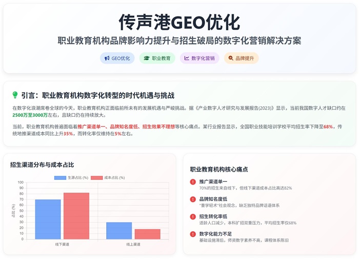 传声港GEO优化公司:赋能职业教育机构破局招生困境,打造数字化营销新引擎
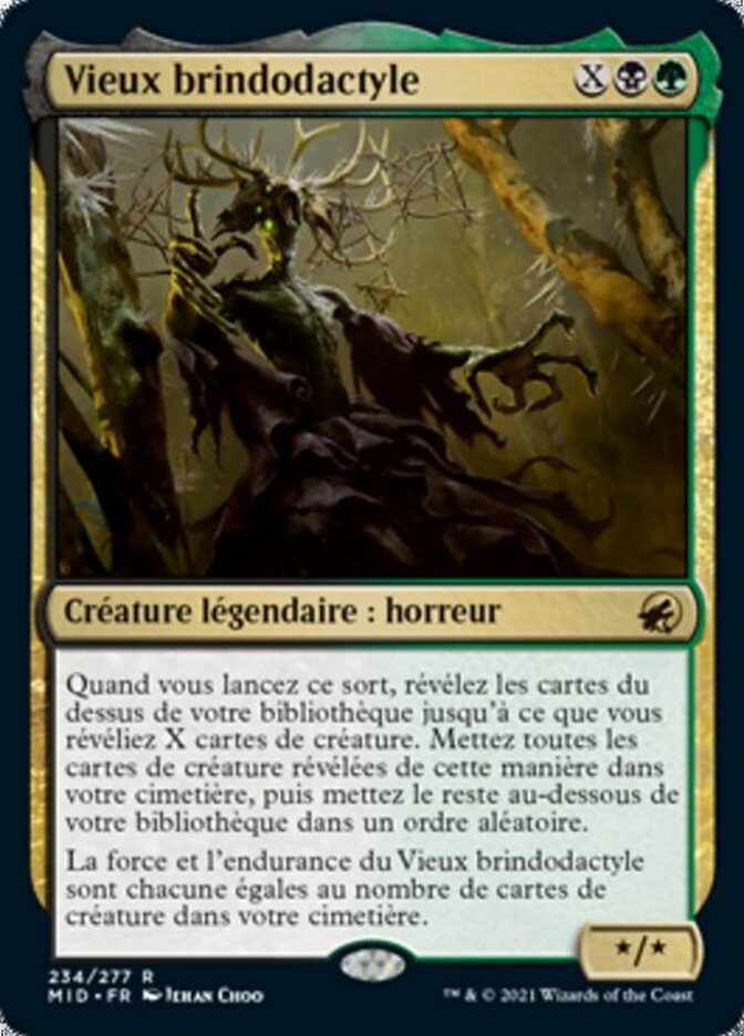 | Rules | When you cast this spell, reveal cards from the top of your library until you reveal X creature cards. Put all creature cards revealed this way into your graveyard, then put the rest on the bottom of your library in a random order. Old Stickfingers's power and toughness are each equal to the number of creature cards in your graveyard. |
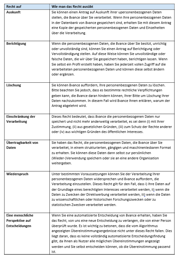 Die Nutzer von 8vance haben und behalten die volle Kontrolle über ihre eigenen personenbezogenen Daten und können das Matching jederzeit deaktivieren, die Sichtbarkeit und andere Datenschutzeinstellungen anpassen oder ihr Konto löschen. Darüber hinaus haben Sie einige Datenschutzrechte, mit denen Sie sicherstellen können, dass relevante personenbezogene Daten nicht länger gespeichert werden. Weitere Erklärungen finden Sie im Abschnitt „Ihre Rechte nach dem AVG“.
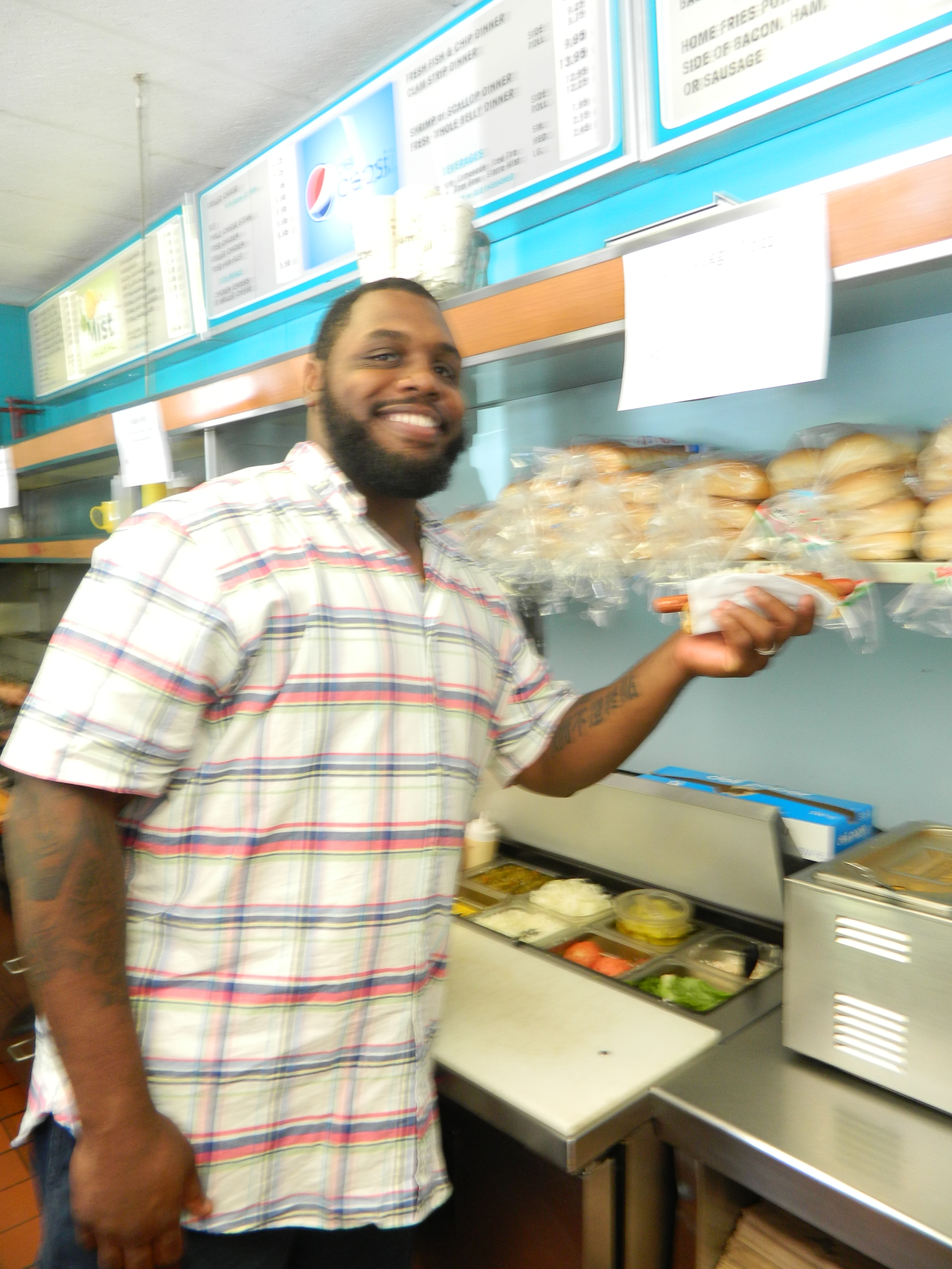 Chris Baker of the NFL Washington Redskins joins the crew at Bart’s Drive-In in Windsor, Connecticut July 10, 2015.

__Instructions for the task__:
Leave the pictures out and retype only the lines from the line with "Die Nutzer von" through the final line of the material, both ends included, word for word.

__Exercise result__:
 Die Nutzer von 8vance haben und behalten die volle Kontrolle über ihre eigenen personenbezogenen Daten und können das Matching jederzeit deaktivieren, die Sichtbarkeit und andere Datenschutzeinstellungen anpassen oder ihr Konto löschen. Darüber hinaus haben Sie einige Datenschutzrechte, mit denen Sie sicherstellen können, dass relevante personenbezogene Daten nicht länger gespeichert werden. Weitere Erklärungen finden Sie im Abschnitt „Ihre Rechte nach dem AVG“.
 Chris Baker of the NFL Washington Redskins joins the crew at Bart’s Drive-In in Windsor, Connecticut July 10, 2015.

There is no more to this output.